▸ **Your task**:
Only the tail of the listing is wanted: the line containing "低档产品市场缺乏领导品牌,产" and all after it, repeated exactly, pictures omitted.

::: Collected data

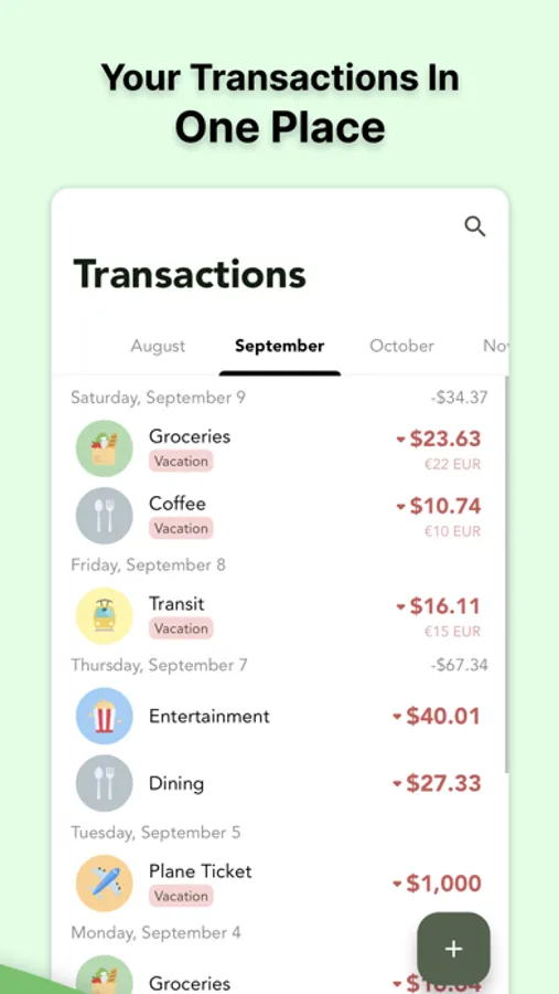 Currency Support: Seamlessly manage finances across currencies, with current conversion rates.
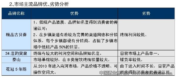 低档产品市场缺乏领导品牌,产品杂而乱,消费者易受终端推荐影响;从另一个角度来说,低档白酒市场外来品牌介入运作的成功概率较高。
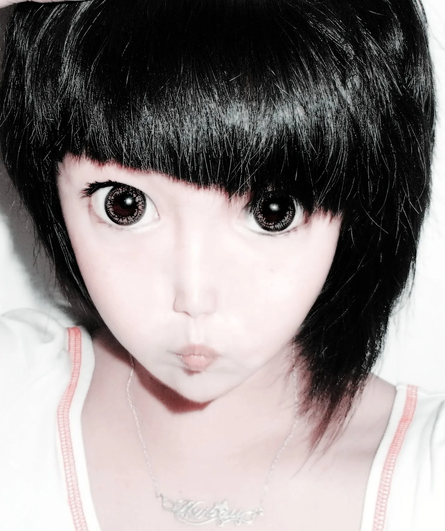 请把皮肤磨皮美白一下.要可爱的那种风格哦.别的,怎么美怎么P吧.最好能瘦点哈. 用途:娱乐 基调:欢悦明快的 艺术化:轻微艺术化 背景:稍作调整

::::::

▸ **Output of the task**:
 低档产品市场缺乏领导品牌,产品杂而乱,消费者易受终端推荐影响;从另一个角度来说,低档白酒市场外来品牌介入运作的成功概率较高。
 请把皮肤磨皮美白一下.要可爱的那种风格哦.别的,怎么美怎么P吧.最好能瘦点哈. 用途:娱乐 基调:欢悦明快的 艺术化:轻微艺术化 背景:稍作调整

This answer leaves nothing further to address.